Acabo de volver a España después de tres semanas al otro lado del Atlántico y, aunque he seguido en la distancia las noticias que desde aquí llegaban, ha sido poner pie en tierra y he sido succionado por las consecuencias del frentismo mantenido entre los gobiernos del Estado español y la Generalitat catalana, a cuenta del 1-O, enrocados ambos en sus absolutas, aunque parciales, verdades y alejados del necesario sentido común para llegar a un acuerdo posibilista, especulando ambos sobre las expectativas de lo que el otro hará o no.
Soy madrileño, como Raúl Romeva; vivo la mitad del año en Cataluña y tengo realizadas inversiones allí, por lo que, supongo que, llegado el caso, de la proclamación de una república catalana, se me brindaría la posibilidad de optar entre ser ciudadano catalán, español e, incluso, mantener una doble nacionalidad. Aunque realmente lo que yo deseo, es que Cataluña siga siendo una parte de España, es mi opinión y supongo que por ello no seré rechazado como posible catalán, dado el caso, si por ejemplo, para admitir tal extremo se produjera en Cataluña una especie de examen como el que se está realizando en Gran Bretaña con ocasión del brexit, para los no nacidos allí, debiendo acreditar conocimientos elegidos ad hoc por los funcionarios de la escisión.
Respeto profundamente a las personas que se sienten honestamente alineadas con las tesis de cualquier tipo de argumento, lo cual incluye a los independentistas catalanes, no sin dejar de reseñar que el crecimiento de su número en los últimos años, es la derivada de la no respuesta dada sobre ello por el gobierno de Rajoy, convirtiéndose en factoría diaria de nuevos soberanistas, efecto añadido al recurso del PP al Tribunal Constitucional a cuenta del Estatut de 2010 y la previa nefasta gestión de José Luis Rodríguez Zapatero con los compromisos que anunció demasiado alegremente y que, luego, no pudo cumplir.

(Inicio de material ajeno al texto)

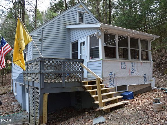 Classic Gumble Chalet located in the desirable Millbrook Community. With lake rights on Lake Wallenpaupack this is perfect place to enjoy those summers at the lake and making memories that last a life time! And fall can be one of the most beautiful times to enjoy the Poconos. Home has the classic knotty pine interior with, an open floor plan, wood burning fireplace/stove, cathedral ceiling, and heated sunroom addition. Millbrook offers a beautiful common area on Lake Wallenpaupack with a swim platform and slide plus ATVs and golf carts are allowed! Boat slips are received through the community. Ready and waiting for you to make your own memories.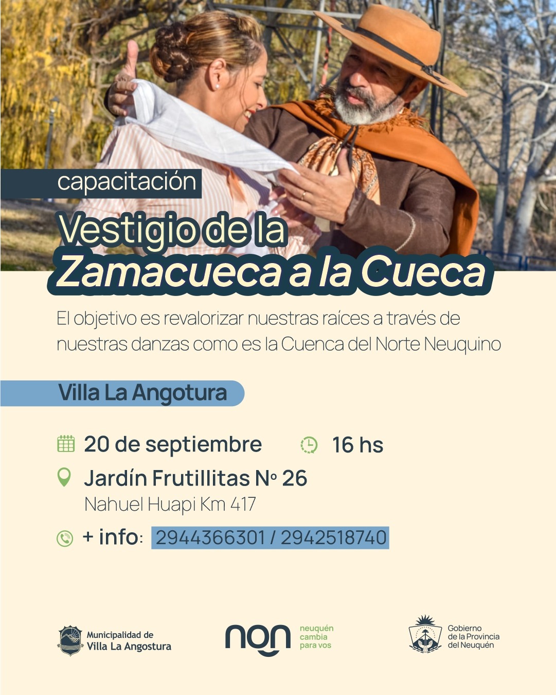La Municipalidad de Villa La Angostura invitó a la comunidad a participar de la capacitación “Vestigio de la Zamacueca a la Cueca”, una propuesta cultural que busca revalorizar las raíces a través de las danzas tradicionales de la Cuenca del Norte Neuquino.

Entiendo el mundo de hoy como global, por ello creo mucho más en las uniones que en las divisiones, y la historia demuestra que éstas, por la vía de los nacionalismos, estuvieron en el caldo de cultivo de los conflictos que derivaron en las últimas dos guerras mundiales.
Comprendo, y admito, la sensibilidad que ha crecido en Cataluña por unas expectativas no cumplidas y una cierta desafección, pero creo que todo ello tiene que ver mucho más con las emociones que con las certezas y que aún es posible un acuerdo, desde el respeto, comprendiendo los sentimientos, dándoles el espacio necesario para que se expresen, con recursos, competencias, poderes y representación institucional.
El brexit ha sido alentado desde la élite económica británica, con el foco puesto en seguir comerciando con la Unión Europea, pero cerrando sus fronteras al libre tránsito de trabajadores o ciudadanos, salvo que la fortuna del interesado pueda merecer la excepción, lo cual ya se está demostrando con los trámites conocidos como Life in the UK, además del examen de inglés, acompañado de unas tasas de 1.000 libras esterlinas por persona.
Y la élite catalana está detrás del procés, para garantizarse un Estado que dominar, controlando su gobierno, sus ministros (consellers), sus directores generales, sus vicesecretarios… su presupuesto y, por supuesto, su propia justicia, detalle nada baladí viniendo, como venimos, enraizados en el tres per cent.
Por cierto, hablando de economia, dinero y supuestos déficits, cabría recordar que, en cualquier Estado, quienes contribuyen con sus impuestos no son las comunidades autónomas, ni regiones concretas o determinadas ciudades, sino que son los ciudadanos, en función de su renta, sea mayor o menor, y se sientan soberanistas o no.
Superemos la división y la ruptura, quienes están detrás del conflicto, a ambos extremos de la cuerda, son las elites, para cubrir sus intereses, manipulando a las gentes de buena fé. El brexit ya está siendo buena prueba de ello y en Cataluña debe primar el seny.